US inflation rise ties Fed’s hands on further easing

Core US consumer prices have been reported to be rising at their fastest rate in five years during the month of May. There have been an upward trend in inflation since last October making it more difficult for the Federal Reserve to think about further monetary easing.

By Robin Harding in Washington and Shannon Bond in New York
Published: June 15 2011 14:20 | Last updated: June 15 2011 19:30
FINANCIAL TIMES

Core US consumer prices rose at their fastest rate for five years in May, making it almost impossible for the Federal Reserve to ponder further monetary easing.

Excluding volatile food and energy prices, the consumer price index grew by 0.3 per cent from April to May, the most rapid increase since 2006. Compared with a year earlier prices rose by 1.5 per cent.

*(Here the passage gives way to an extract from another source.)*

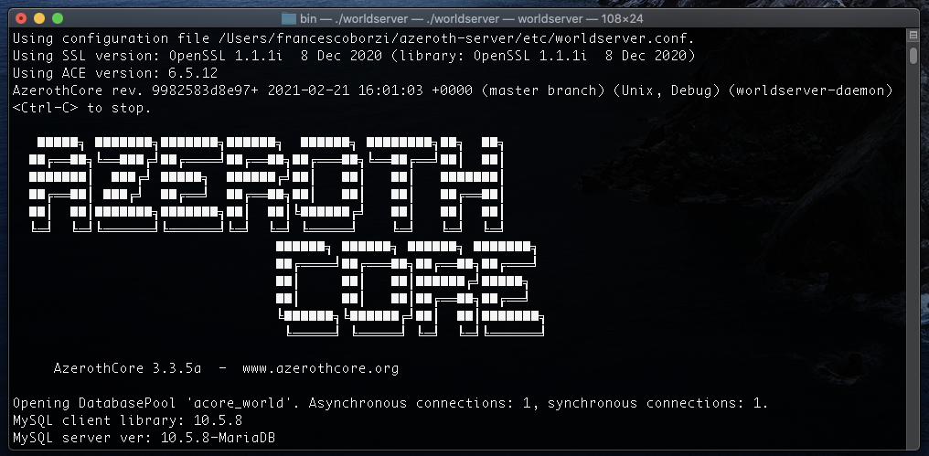 • The “dashboard setup”: this is an EXTREMELY EASY way of installing AzerothCore in your machine, based on a collection of bash scripts created by Yehonal. However, you can only use this setup in Ubuntu or similar platforms. Windows is not supported, and probably we are not there yet with macOS as well.

Although temporary factors have exaggerated the rise, there has been an upward trend in core inflation since the year-on-year trough of 0.6 per cent last October, leaving the central bank with little scope to spur growth while meeting its inflation objective of 2 per cent.

“It is quite a big increase, although some of it is temporary,” said Paul Ashworth, chief US economist at Capital Economics in Toronto. “Undeniably there is no imminent threat of deflation.”

The Fed concentrates on core inflation, which reflects underlying pressures in the economy, as the best guide to how prices will move. The decline in core inflation towards very low levels last autumn was crucial in its decision to launch a second, $600bn round of asset purchases to boost the economy, which came to be known as QE2.

The higher inflation numbers came on the same day as data showing sluggish industrial production – up by 0.1 per cent in May – and rock bottom confidence among house builders.

The data suggest the US is suffering a mini bout of ‘stagflation’, the combination of stagnant growth and rising inflation, but most economists expect it to end quickly.

Higher commodity prices pushed up core inflation. Dearer cotton fed through to clothing and fuel costs put pressure on items such as airline tickets, but commodity prices have dropped back recently

. There was a 2 per cent fall in petrol prices from April to May and headline inflation, including commodities, fell to 0.2 per cent. That is the slowest rate since last November.

Both growth and inflation were also hit by supply chain disruptions to the car industry after Japan’s tsunami in March. Excluding autos, manufacturing output rose by 0.6 per cent in May.